[Records from a data collection]
BEGIN

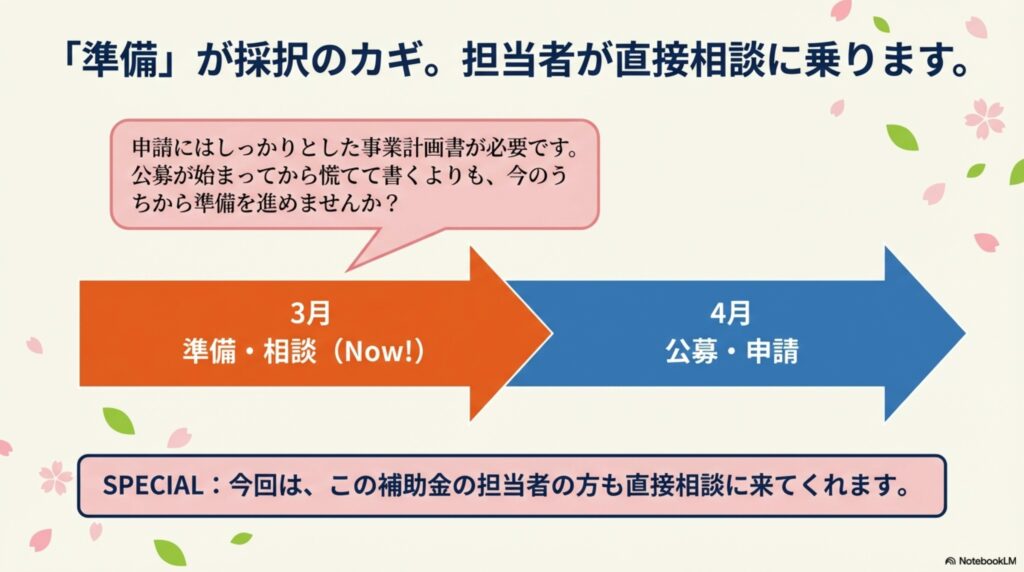 この補助金、実は**「準備」が採択のカギになります。 申請にはしっかりとした事業計画書が必要です。 今回は、なんとこの補助金の担当者の方も直接相談に来てくれます。** 公募が始まってから慌てて書くよりも、今のうちから担当者や専門家と相談して準備を進めませんか? 今回の相談会は、その第一歩にぴったりですよ。
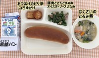 今日の献立は、大豆入りキーマカレーライス・きゅうりのサラダ・洋なし(カット缶)・牛乳でした。
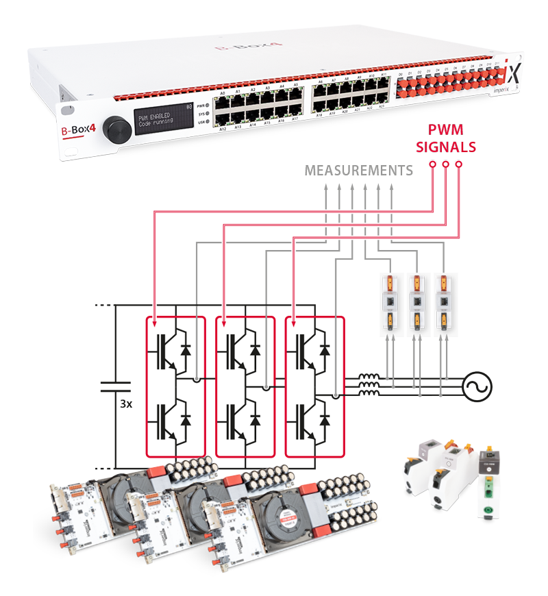 モジュールに直接プラグアンドプレイ接続できるB-Box 4は、最大12個のハーフブリッジを駆動でき、複雑な制御アルゴリズムに必要な処理能力を備えています。
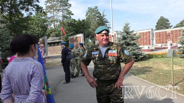 Ветераны воздушно-десантных войск, ребята из клуба «Юный десантник Кубани» и жители района, на площади Победы в Лабинске, 2 августа 2023 г перед началом официального празднования Дня ВДВ
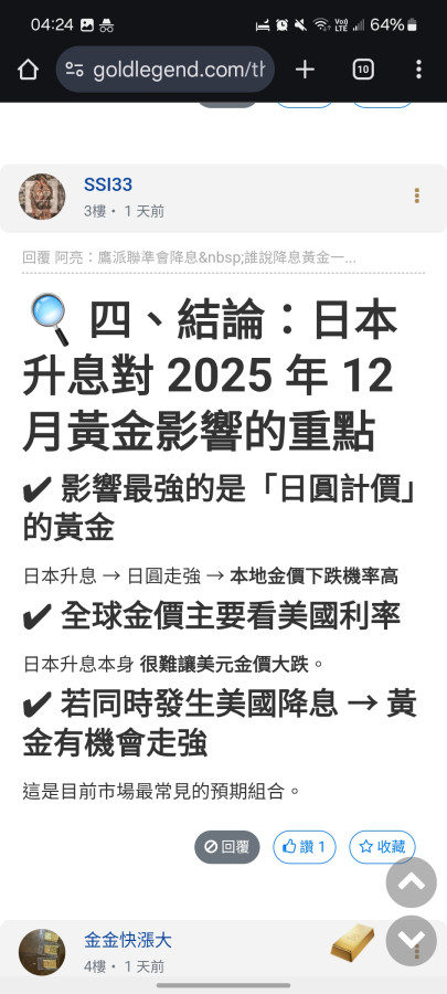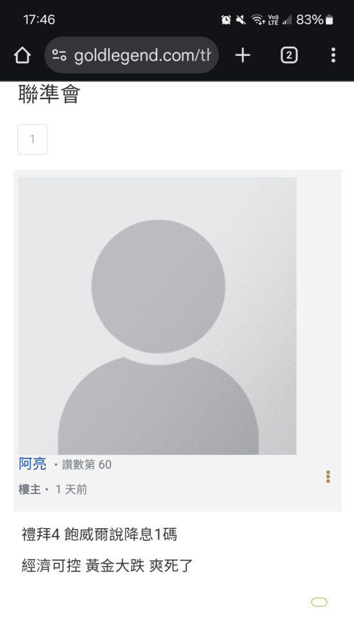 回覆 阿亮:鷹派聯準會降息 誰說降息黃金一...
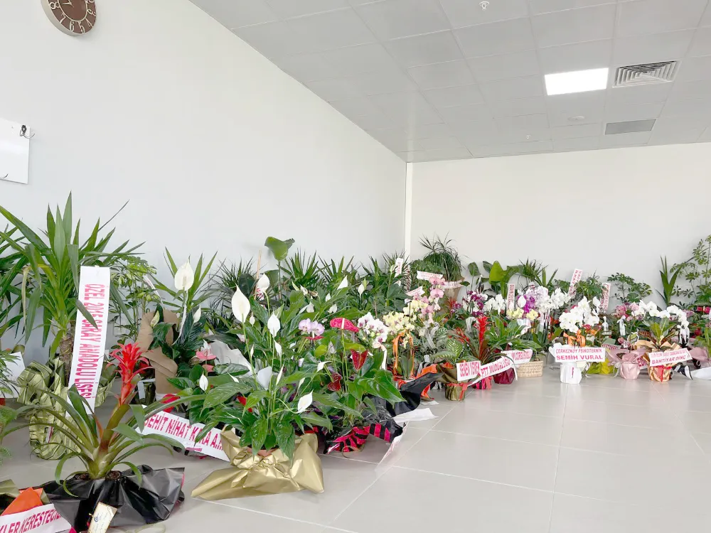 Seçimi kazanması üzerine tebrik için gönderilen çiçekleri odasında toplayan Saray Belediye Başkanı Abdül Taşyasan, ilerleyen günlerde engelli çocuklar yararına açık arttırma düzenleyecek.
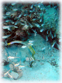 ●今日であった生き物・・・・・・・ハナゴンベ・グルクンのスゴイ群・オラウータンクラブ・アカヒメジの群・ノコギリダイの群・カノコイセエビ沢山・アカマツカサの群・サンゴテッポウエビ・イレズゼ・カスミチョウチョウウオ・クマノミ・アカククリ・ハナヒゲウツボ成魚3個体・ハダカハオコゼ白/黄色/白・リュウグウベラギンポの群・スカシテンジクダイ群・ヒメギンポSP・オビイシヨウジ・カクレクマノミ・ハマクマノミ・キンギョハナダイ・ダンゴオコゼ・デバスズメの群・サザナミフグ・ホシテンス幼魚・ヨスジフエダイの群・クロホシハゼ・クマドリテッポウエビ・イソギンチャクエビ・イソギンチャクモエビ・ウミウシカクレエビ・アカモンガラ・モンガラカワハギ・キンメモドキの群・ロボコンエビ・カンザシヤドカリ・ハナミノカサゴ・タテジマキンチャクダイの幼魚・・・・・などなど・・・。 本日も最高のダイブ日和でした。黒島は水が良くて、太陽も燦々と照っていて、ブルブルーダイブの1日。なんだかね明日から・・また冬の天気に戻る予報?そして、時化る予報・・・??こわいよー・・・・。ヨーコさんの合宿ダイブ、明日もつづくかな・・・・。シズちゃんと、クロサワさん一家は2日間のダイビングを終え、今日で最終日でした。でも、ラッキーな二組。マンタ乱舞だし、お天気も最高、透明度も最高っっ〜。。・・・・・と言うわけで、ハナちゃん(シズちゃんの相棒)っ、シズちゃんはベストダイブを堪能してしまいました・・・。でも、ホヤシリーズは見なかったぁ・・・。
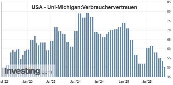 Die Stimmung der US-Verbraucher hat sich im November abgeschwächt. Der an der Universität Michigan berechnete Index für die Verbraucherstimmung in den USA fiel bei der Umfrage zur Monatsmitte auf 50,3. Von Dow Jones Newswires befragte Ökonomen hatten einen Stand von 53,0 erwartet. Bei der Umfrage Ende Oktober lag er bei 53,6.. --- Der Index für die Erwartungen belief sich auf 49,0 (Vormonat: 50,3), der Index für die Einschätzung der aktuellen Lage wurde mit 52,3 (58,6) angegeben. Die Inflationserwartungen der Konsumenten auf Sicht von zwölf Monaten erhöhten sich im Vergleich zum Vormonat auf 4,7 von 4,6 Prozent.. --- Passend dazu schwächelt auch die Börse, die Tech- Konsolidierung ist nicht das Ende vom KI- Hype, aber eine Konsolidierung tut gut und schafft neue Kaufkurse!

END

## Problem
In your copy, include no pictures, but reproduce all records exactly.

## Exercise solution
 この補助金、実は**「準備」が採択のカギになります。 申請にはしっかりとした事業計画書が必要です。 今回は、なんとこの補助金の担当者の方も直接相談に来てくれます。** 公募が始まってから慌てて書くよりも、今のうちから担当者や専門家と相談して準備を進めませんか? 今回の相談会は、その第一歩にぴったりですよ。
 今日の献立は、大豆入りキーマカレーライス・きゅうりのサラダ・洋なし(カット缶)・牛乳でした。
 モジュールに直接プラグアンドプレイ接続できるB-Box 4は、最大12個のハーフブリッジを駆動でき、複雑な制御アルゴリズムに必要な処理能力を備えています。
 Ветераны воздушно-десантных войск, ребята из клуба «Юный десантник Кубани» и жители района, на площади Победы в Лабинске, 2 августа 2023 г перед началом официального празднования Дня ВДВ
 回覆 阿亮:鷹派聯準會降息 誰說降息黃金一...
 Seçimi kazanması üzerine tebrik için gönderilen çiçekleri odasında toplayan Saray Belediye Başkanı Abdül Taşyasan, ilerleyen günlerde engelli çocuklar yararına açık arttırma düzenleyecek.
 ●今日であった生き物・・・・・・・ハナゴンベ・グルクンのスゴイ群・オラウータンクラブ・アカヒメジの群・ノコギリダイの群・カノコイセエビ沢山・アカマツカサの群・サンゴテッポウエビ・イレズゼ・カスミチョウチョウウオ・クマノミ・アカククリ・ハナヒゲウツボ成魚3個体・ハダカハオコゼ白/黄色/白・リュウグウベラギンポの群・スカシテンジクダイ群・ヒメギンポSP・オビイシヨウジ・カクレクマノミ・ハマクマノミ・キンギョハナダイ・ダンゴオコゼ・デバスズメの群・サザナミフグ・ホシテンス幼魚・ヨスジフエダイの群・クロホシハゼ・クマドリテッポウエビ・イソギンチャクエビ・イソギンチャクモエビ・ウミウシカクレエビ・アカモンガラ・モンガラカワハギ・キンメモドキの群・ロボコンエビ・カンザシヤドカリ・ハナミノカサゴ・タテジマキンチャクダイの幼魚・・・・・などなど・・・。 本日も最高のダイブ日和でした。黒島は水が良くて、太陽も燦々と照っていて、ブルブルーダイブの1日。なんだかね明日から・・また冬の天気に戻る予報?そして、時化る予報・・・??こわいよー・・・・。ヨーコさんの合宿ダイブ、明日もつづくかな・・・・。シズちゃんと、クロサワさん一家は2日間のダイビングを終え、今日で最終日でした。でも、ラッキーな二組。マンタ乱舞だし、お天気も最高、透明度も最高っっ〜。。・・・・・と言うわけで、ハナちゃん(シズちゃんの相棒)っ、シズちゃんはベストダイブを堪能してしまいました・・・。でも、ホヤシリーズは見なかったぁ・・・。
 Die Stimmung der US-Verbraucher hat sich im November abgeschwächt. Der an der Universität Michigan berechnete Index für die Verbraucherstimmung in den USA fiel bei der Umfrage zur Monatsmitte auf 50,3. Von Dow Jones Newswires befragte Ökonomen hatten einen Stand von 53,0 erwartet. Bei der Umfrage Ende Oktober lag er bei 53,6.. --- Der Index für die Erwartungen belief sich auf 49,0 (Vormonat: 50,3), der Index für die Einschätzung der aktuellen Lage wurde mit 52,3 (58,6) angegeben. Die Inflationserwartungen der Konsumenten auf Sicht von zwölf Monaten erhöhten sich im Vergleich zum Vormonat auf 4,7 von 4,6 Prozent.. --- Passend dazu schwächelt auch die Börse, die Tech- Konsolidierung ist nicht das Ende vom KI- Hype, aber eine Konsolidierung tut gut und schafft neue Kaufkurse!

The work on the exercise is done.